** SUPPLIED MATERIAL follows **
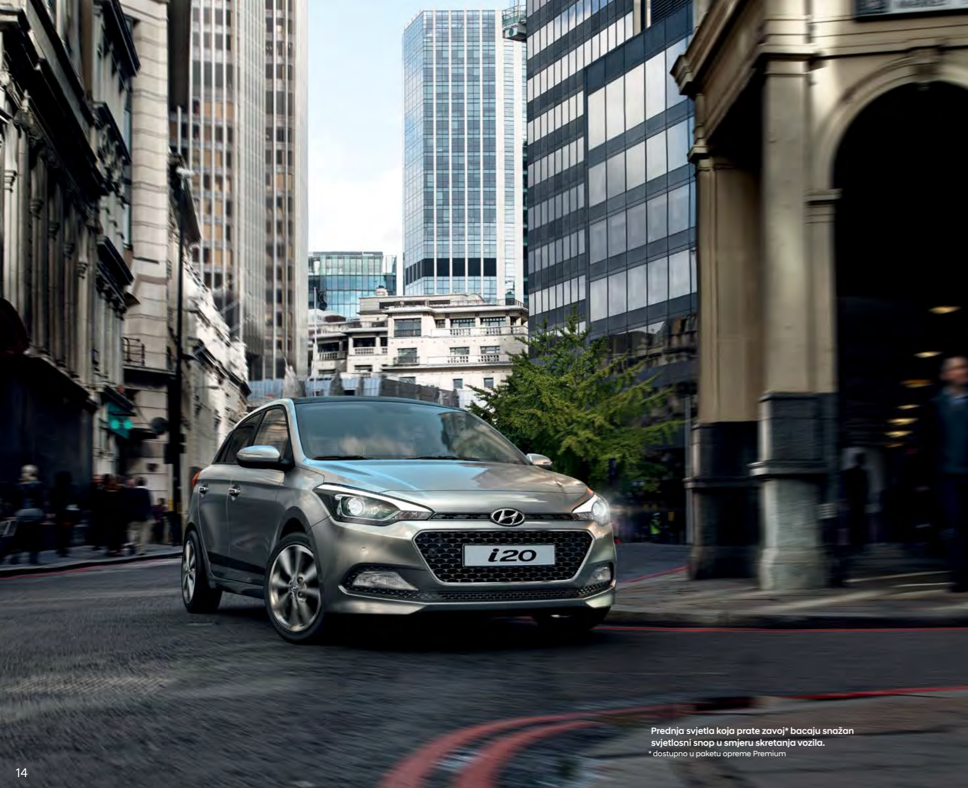
Prednja svjetla koja prate zavoj* bacaju snažan svjetlosni snop u smjeru skretanja vozila. * dostupno u paketu opreme Premium
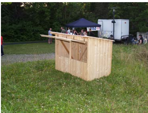
Die Kleine Bude
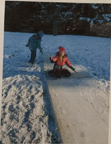
Potem smo se šli sanjati na parcelo.
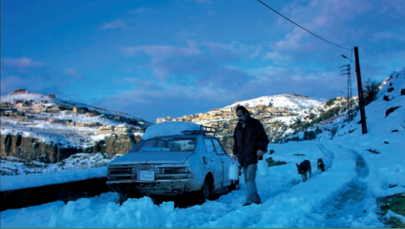
Zum Jahrestag des Libanonkriegs 1982 zeigt die Linse bis August sechs Filme.
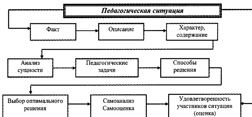
Рис. 1. Алгоритм решения педагогических ситуаций

Задание: провести педагогический анализ профессиональной ситуации, используя алгоритм пошаговой методики их решения (рис. 1)
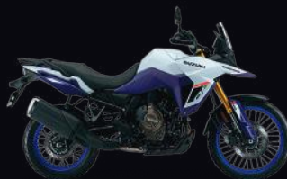
QU2: Pearl Tech White
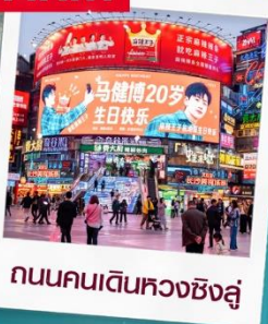
ถนนคนเดินหวงซิงลู่
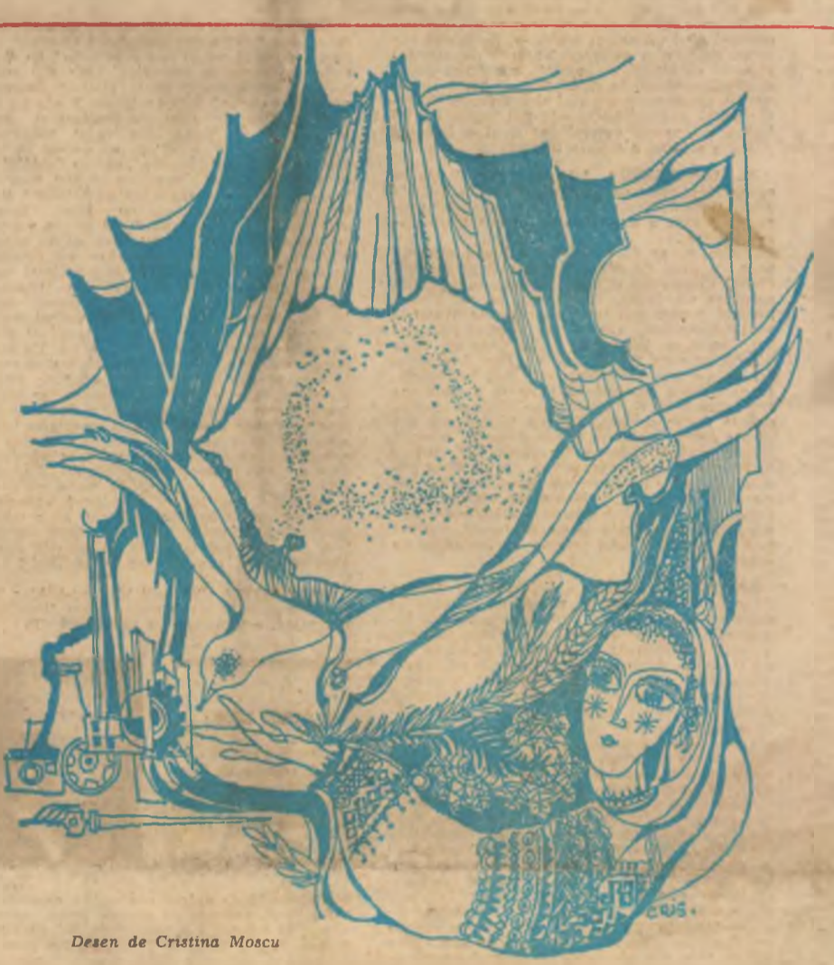
Desen de Cristina Moscu
** End of SUPPLIED MATERIAL **
* _WHAT TO DO_
Copy each line of the records above exactly as written. Do not carry over any picture.

* _SOLUTION TO THIS EXERCISE_
Prednja svjetla koja prate zavoj* bacaju snažan svjetlosni snop u smjeru skretanja vozila. * dostupno u paketu opreme Premium
Die Kleine Bude
Potem smo se šli sanjati na parcelo.
Zum Jahrestag des Libanonkriegs 1982 zeigt die Linse bis August sechs Filme.
Рис. 1. Алгоритм решения педагогических ситуаций

Задание: провести педагогический анализ профессиональной ситуации, используя алгоритм пошаговой методики их решения (рис. 1)
QU2: Pearl Tech White
ถนนคนเดินหวงซิงลู่
Desen de Cristina Moscu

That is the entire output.